Represented by the speaker of the State House, a medical marijuana company claims the New Mexico State Fair Commission so strictly limited what it may offer at an educational booth that it would be barred from showing a picture of a shovel, a cookie or a cardboard box.

ALBUQUERQUE (CN) — Represented by the speaker of the State House, a medical marijuana company claims the New Mexico State Fair Commission so strictly limited what it may offer at an educational booth that it would be barred from showing a picture of a shovel, a cookie or a cardboard box.

New Mexico Top Organics - Ultra Health, which paid the $50 application fee to operate an educational booth at this year’s State Fair, says the State Fair Commission’s rules are unconstitutional viewpoint discrimination, prior restraint, and denial of equal protection.

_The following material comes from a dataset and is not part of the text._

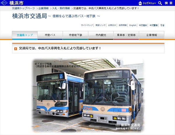 交通局のサイトには入札の案内がある(横浜市交通局ホームページより)
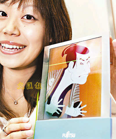 圖中所示由日本電腦生產商Fujitsu所研發的「電紙」:以7.8吋512色VGA、「膽固醇狀晶體」(cholesteric)液晶顯示屏,可在沒有電源下持續顯示影像。據Fujitsu公布的消息,「電紙」具彈性,屈曲或以手指壓下亦無礙顯示。傳媒有恐科技一日千里,像這樣的「電紙」會把報紙淘汰。事實上,科研乃商業策略之一,要真正取代某些東西,還得看市場反應與普及程度。 ■綜合外電消息

Top Organics is a nonprofit, licensed by New Mexico’s Department of Health “to grow, distribute, and sell medical cannabis products to patients enrolled in the Department’s Medical Cannabis Program,” it says in its May 31 federal lawsuit.

Nonetheless, it says, it was barred from bringing not only “any type of drug paraphernalia that could be used to plant, propagate, cultivate, grow, harvest, manufacture, compound, convert, produce, process, prepare, test, analyze, pack, repack, store, contain, conceal, inject, ingest, inhale or otherwise introduce into the human body any type of cannabis or other controlled substance,” but from “displaying any image of the above restricted items in any way to include banners, flyers, clothing or any other medium.”

Under those terms, Ultra Health points out, it could not bring a drawing or photo of a pot plant, or of a shovel, or of a cookie, or of a cardboard box, which might be used to store medical marijuana.

For fear of violating these vague and unconstitutional restrictions, Ultra Health decided not to set up a booth at the State Fair this year, but to sue instead.

Lead defendant Larry Kennedy is chairman of the New Mexico State Fair Commission. Defendant Dan Mourning is general manager of Expo New Mexico, a state agency; and Raina Bingham is director of the Concessions Department for Expo New Mexico. All are sued in their official capacities.

Last year Ultra Health ran an informational booth at the State Fair at which it displayed “Dorothy,” a 3-week-old female marijuana plant — but not for long. The state police evicted Dorothy from the fair on Day One.

Ultra Health wants the commission’s rules enjoined as violations of the First and 14th Amendments, plus damages and attorney’s fees.

It is represented by Kristina Caffrey and Brian Egolf with Egolf + Ferlic + Harwood of Albuquerque. Brian Egolf is also speaker of the New Mexico House of Representatives.